Is Martinas Geben the next Mike Brey big man to make the leap? (Tom Loy/247 Sports)

  • Notre Dame: Martinas Geben. Geben has only played in 38 games over his two seasons at Notre Dame, but withZach Auguste now gone, Mike Brey needs another big body in the frontcourt to team up with Bonzie Colson. Brey has a demonstrated history of turning unknowns into productive players — look for Geben to be the next Irish example of that.
  • Pittsburgh: Justice Kithcart. Kithcart is a heralded recruit who Pittsburgh fans hope is their long term solution at point guard. While new head coach Kevin Stallings is expected to experiment with Jamel Artis at the point early in the season, the Panthers would be at their best if Artis can focus on being a scorer. After a season-ending injury to transfer Chrisshawn Clark, Stallings will need to lean on Kithcart even more.
  • Syracuse: John Gillon. Jim Boeheim took a team to the Final Four last year that probably should not have made the NCAA Tournament, He then lost three of his best players but returns a group that has enough talent to get back. The key is Gillon, who the Orange will need to run the offense and become the engine that makes the team go.
  • Virginia: Marial Shayok. Anyone who follows college basketball knows the key for Tony Bennett’s team this season will be finding some scoring to replace the loss of All-American Malcolm Brogdon. McDonald’s All-American Kyle Guy may eventually step into that role, but freshmen have typically not been key factors on Bennet’s teams. The player to watch in Charlottesville is Shayok, who was inconsistent last year but shot 43.6 percent from three despite only taking one attempt per game. The Cavaliers will lean on Shayok to replace some of Brogdon’s offense this season.
Virginia needs Marial Shayok to pick up some scoring slack. (Steve Mitchell/USA Today Sports)
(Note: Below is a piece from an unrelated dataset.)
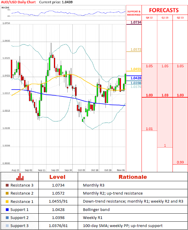 As suspected, bulls took control of the price, advancement of which continues to accelerate. Nevertheless, AUD/USD is dangerously close to a dense resistance zone that stretches from 1.0455 up to 1.0491 and it is expected to prevent extension of the current rally. If this is not the case, then 1.0572 will be the next goal, although technical indicators do not support such scenario and remain largely neutral.
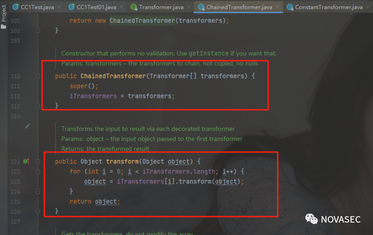 ChainedTransformer方法接收Transformer对象,保存为Transformer数组,transform方法接收Transformer数组,也就是ChainedTransformer方法中的iTransformers,进行循环调用,前一个的输出作为后一个的输入

Virginia needs Marial Shayok to pick up some scoring slack. (Steve Mitchell/USA Today Sports)

  • Virginia Tech: Ahmed Hill. Buzz Williams has always been a “whole is greater than the sum of its parts” kind of coach, and this Virginia Tech team should embody that notion perfectly. Hill, who is returning from a knee injury that cost him the entirety of last season, is a prototypical Williams player. He’s versatile, can shoot the three (38.6% in 2014-15) and plays as hard as anyone in the ACC.
  • Wake Forest: Austin Arians. Wake is in an odd spot of being a fairly talented team trapped in a historically loaded conference. A key addition to the program this year is Arians, who transferred over fromMilwaukee and will be a key part of Danny Manning’s rotation. He won’t get many of the headlines in Winston-Salem, but he will make plenty of winning plays as the Demon Deacons look to improve in year three of the Manning era.